Eligibility Criteria

Inclusion Criteria

•Patients must meet all of the following inclusion criteria to be eligible for participation in this study:
•≥ 18 years of age at the time of informed consent.
•Eastern Cooperative Oncology Group (ECOG) performance status 0 or 1 with no deterioration over the previous 2 weeks.
•Patients with advanced or metastatic solid tumors, histologically or pathologically confirmed, who have progressed after all standard therapies, or for whom no further standard therapy exists. Patients who have declined standard therapy or have no access to standard therapy may be enrolled and the reasons for lack of access need to be documented.
•Patients should have at least 1 measurable lesion at baseline according to the definition of RECIST v1.
•Lesions situated in a previously irradiated area are considered measurable if progression has been demonstrated in such lesions.
•Patients previously treated with anti-CTLA 4 checkpoint inhibitors or anti programmed cell death 1 (PD-1)/L1 will also be recruited if they meet all eligibility criteria. For anti-PD-1/L1 patients, patients must have progressed on treatment with an anti PD 1/L1 monoclonal antibody (mAb) administered either as monotherapy, or in combination with other checkpoint inhibitors or other therapies. Anti PD-1/L1 treatment progression is defined by meeting all of the following criteria:
•Has received at least 2 doses of an approved anti-PD-1/L1 mAb.
•Has demonstrated disease progression (PD) after PD-1/L1 as defined by RECIST v1.
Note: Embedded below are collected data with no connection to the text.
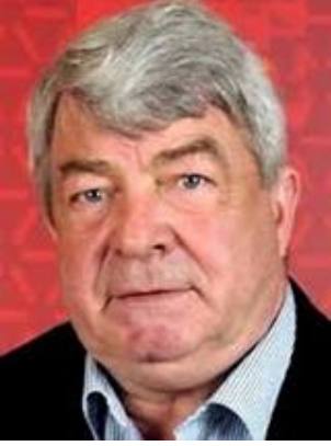
جان كلود غيسو

في العام 1990 صدر في فرنسا قانونٌ جديدٌ أُطلق عليه اسم قانون "غيسو" Gayssot Act، نسبةً إلى عرّاب القانون السياسي الفرنسي جان كلود غيسو "Jean- Claude Gaysot" عضو الحزب الشيوعي الفرنسي، وفرضَ هذا القانون عقوبات قاسية على إنكار وجود أو حجم الجرائم ضد الإنسانية التي عرّفها ميثاق لندن لعام 1945 في مادته التاسعة، والتي خضع على أساسها قادة الحزب النازي للمحاكمة العسكرية الدولية في نورنبرغ بين عامي 1945 و1946. أي أنّ القانون باختصار يعاقب من ينكر وجود أو حجم المحرقة النازية المعروفة بـ الهولوكوست. لم يكن قانون "غيسو" هو القانون الأوّل من نوعه؛ لكنه كان الأهم من جهة أهمية الدولة التي أصدرته، وصرامة العقوبات التي فرضها، وتكريس المصطلحات التي استعملها، فقد استعمل القانون في متنه مرات عديدة مصطلح "معاداة السامية"، و"جرائم ضدّ السامية". ولكن؛ ماذا تعني معاداة السامية؟ ومن أين أتى هذا المصطلح؟
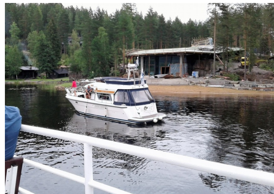
KUVA 4. Haukiveden maisemia Järvi-sydämen sataman tuntumassa

Virallisen sukukokouksen jälkeen pääsimme odotetulle risteilylle yli satapaikkaisella Elviiralaivalla Haukiveden maisemiin (KUVA 4). Sade oli loppunut ja sää oli mitä mainioin norppienkin bongaukselle. Varmoja havaintoja ei meidän sukuhaara saanut, mutta voimme kuitenkin kehuskella poissaoleville, että saattoi siellä ollakin. Matka sujui mukavasti maisemia katsellen, tarinoiden ja tarjoilusta nauttien.
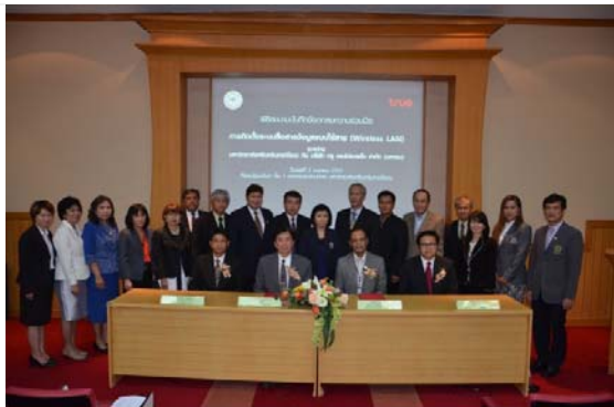
ผู้บริหารของมหาวิทยาลัยและบริษัท ทูช ถ่ายภาพร่วมกัน
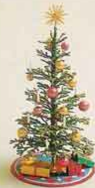
NYHET! 8981 Julstrå En underbart vacker julgran, med julgransmatta.
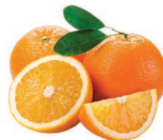
Laranja Bahia Importada Kg
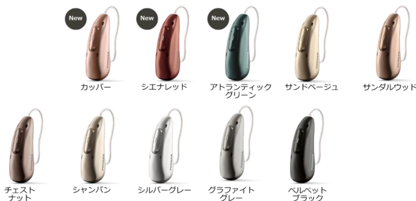
※サンドベージュ、シャンパン、シルバーグレー、グラファイトグレー以外は後日発売予定
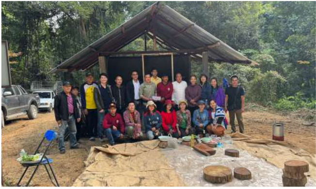
(14 ม.ค.67) บจ.สหโคเจน กรีน เข้าร่วมกิจกรรม ประเพณีชุมชน งานบวงสรวงป่าชุมชนน้ำห้วยไฟ บ้านทรายทอง ม.16 ต.ป่าสัก อ.เมือง จ.ลำพูน ประจำปี 2567
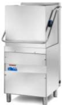
Pretočni pomivalni stroj Kromo z vhodno in izhodno mizo

•The initial evidence of PD is to be confirmed by a second assessment no less than 4 weeks from the date of the first documented PD, in the absence of rapid clinical progression.

Exclusion Criteria

•Patients who meet any of the following criteria cannot be enrolled:
•Pregnant or breastfeeding females.
•Females of childbearing potential and males whose partners are of childbearing potential who do not agree to the use of 2 forms of highly effective contraception during the treatment period and for 6 months after the last dose of study drug.
•Treatment with any investigational drug within 4 weeks prior to the first dose of study drug.
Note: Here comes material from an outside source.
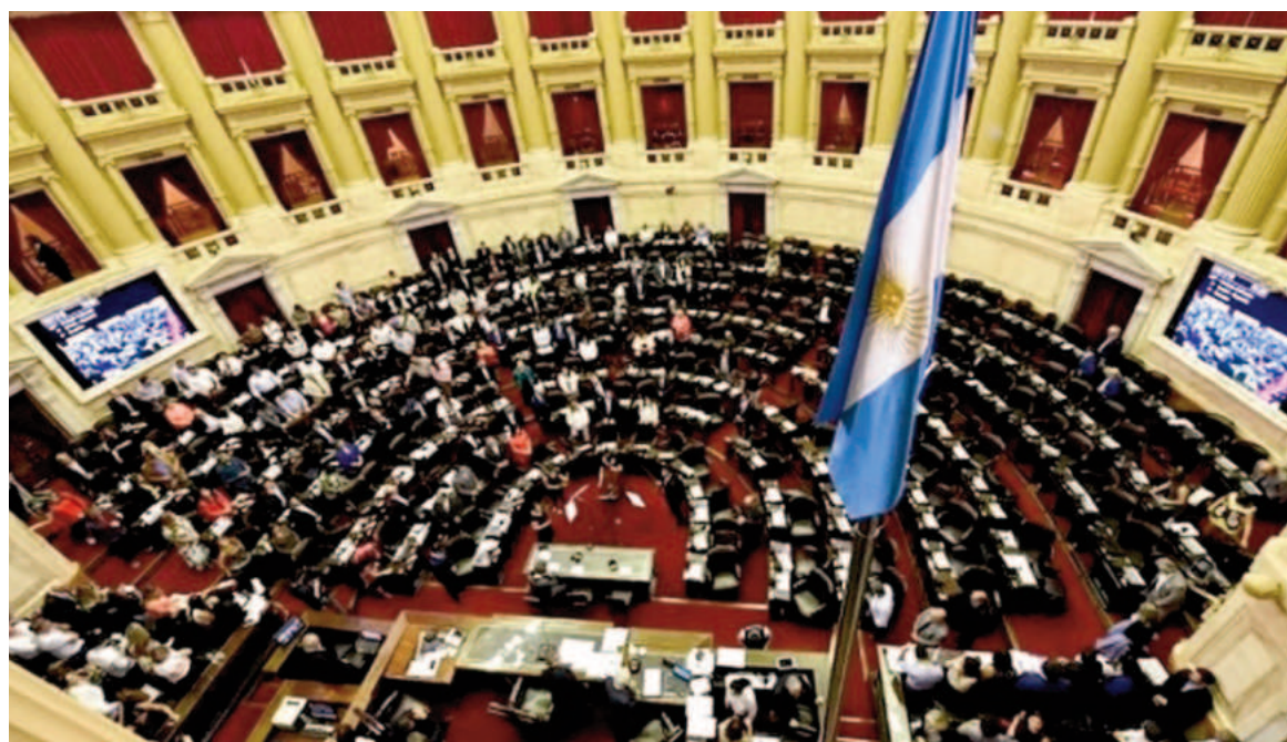
Milei hablará desde un atril como cuando encabezó la Asamblea Legislativa, en marzo.

Se trata del espacio que ocupa en cada sesión Unión por la Patria (UP), el bloque más numeroso (99 integrantes), presidido por el rosarino Germán Martínez. Definieron que sólo unos pocos legisladores kirchneristas estarán entre los asis-

•Grade ≥ 3 immune-related AEs (irAEs) or irAE that lead to discontinuation of prior immunotherapy.
•Has known active CNS metastases and/or carcinomatous meningitis. Participants with previously treated brain metastases may participate provided they are radiologically stable, i.e., without evidence of progression for at least 4 weeks by repeat imaging (note that the repeat imaging should be performed during study screening), clinically stable and without requirement of steroid treatment for at least 14 days prior to first dose of study treatment.
•History of severe hypersensitivity (Grade ≥ 3) or known to be allergic to protein drugs or recombinant proteins or any ingredients contained in the ADG116 or pembrolizumab drug formulation.
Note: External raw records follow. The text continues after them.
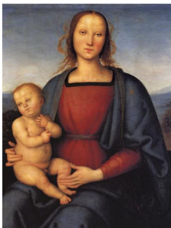
П'єтро Перуджіно "Мадонна з немовлям" (1500 р.)
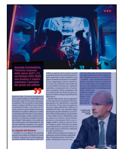
Peso: 54-84%, 55-100%

Il rapporto spesa sanitaria/Pil del 6,7 per cento del 2022 scende al 6,6 per cento nel 2023 e continuerà a calare negli
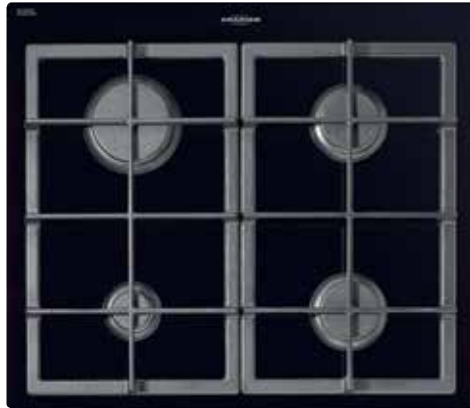
EKG 6 rahmenlos
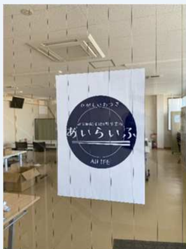
あいらいふのロゴ (入口玄関)
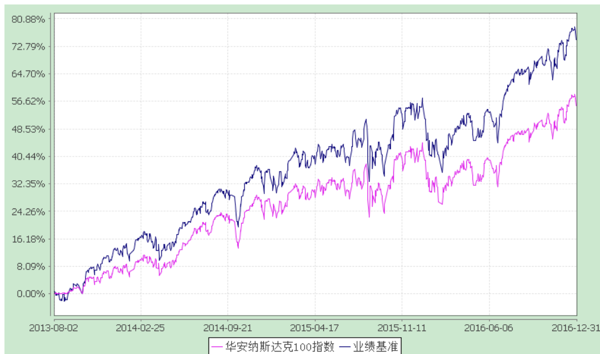
华安纳斯达克 100 指数证券投资基金 份额累计净值增长率与业绩比较基准收益率历史走势对比图 (2013 年 8 月 2 日至 2016 年 12 月 31 日)
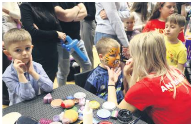
Na tak wyjątkowy tatuaż, trzeba było czekać w długiej kolejce.
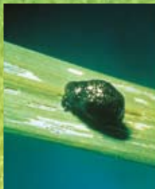
イネドロオイムシ幼虫
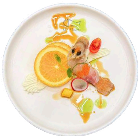
PS03 Branzino scampi

Carpaccio branzino, scampi, ikura con salsa ponzu (1) (4) (6) (7)
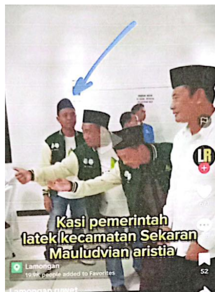
Pengawasan media sosial yang melibatkan salah satu perangkat desa di Lamongan

Dengan demikian, peran media sosial dalam pelanggaran netralitas ASN di Kabupaten Lamongan pada Pilkada 2024 bersifat ambivalen. Di satu sisi, media sosial memperluas bentuk pelanggaran karena ASN dan aparatur desa dapat dengan mudah menunjukkan keberpihakan politik secara terbuka. Di sisi lain, media sosial juga memperkuat mekanisme pengawasan dan pembuktian karena jejak digital dapat dijadikan bukti yang sah dalam proses klarifikasi. Oleh karena itu, Bawaslu Lamongan perlu mengoptimalkan strategi pengawasan digital, termasuk meningkatkan kapasitas aparat pengawas dalam mendeteksi dan memverifikasi bukti digital, agar penegakan hukum terhadap pelanggaran netralitas ASN dapat berjalan lebih efektif dan adaptif terhadap perkembangan teknologi informasi.
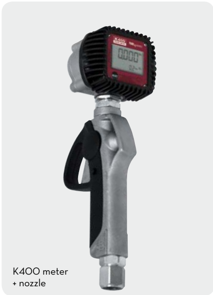
K400 meter + nozzle
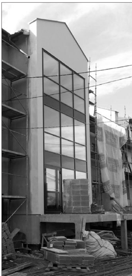
Elewacja ośrodka zdrowia w Mszanie Górnej
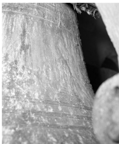
Détail : saint évêque.
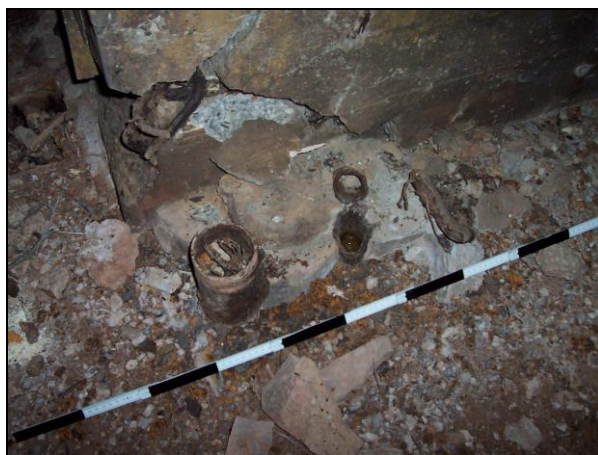
▲ [5018773] Das Podest mit Rohrmündungen für Fernsprechkabel.
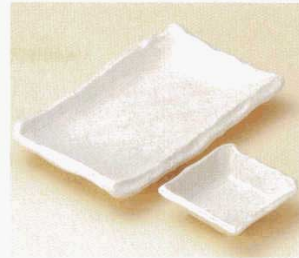
28905-134 匠(白)長角皿 900円 40入 (22.5×14×3.3cm) 28906-134 匠(白)正角千代久 360円 120入 (9.4×9×2.7cm)
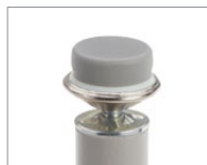
À coussinet en caoutchouc
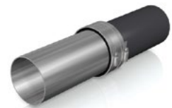
Schlösser wechselseitig anziehen.
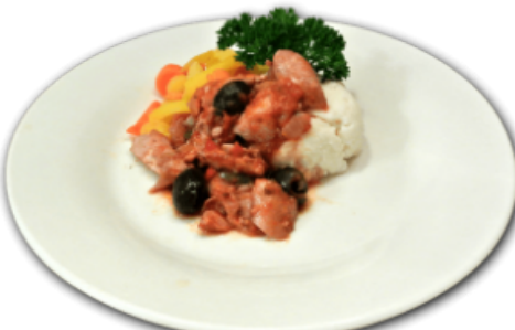
- Poulet aux olives -
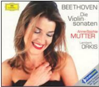
貝多芬小提琴奏鳴曲全集，Beethoven : The Violin Sonatas，457 619-2 DG (4CDs)

•Has an active autoimmune disease that has required systemic treatment in past 2 years (i.e., with use of disease modifying agents, corticosteroids or immunosuppressive drugs). Replacement therapy (e.g., thyroxine, insulin, or physiologic corticosteroid replacement therapy for adrenal or pituitary insufficiency) is not considered a form of systemic treatment and is allowed.
•Patients requiring systemic treatment with corticosteroids (\>10 mg/day prednisone or equivalent) or other immunosuppressive medications within 21 days before the planned first dose of study drug. Ophthalmologic, nasal, inhaled and intra-articular injections of steroids are allowed.
•Patients receiving granulocyte colony stimulating factor (G-CSF), granulocyte macrophage colony stimulating factor (GM-CSF), erythropoietin, or blood (red blood cell \[RBC\] or platelet) transfusion within 14 days prior to the first dose of the study drug.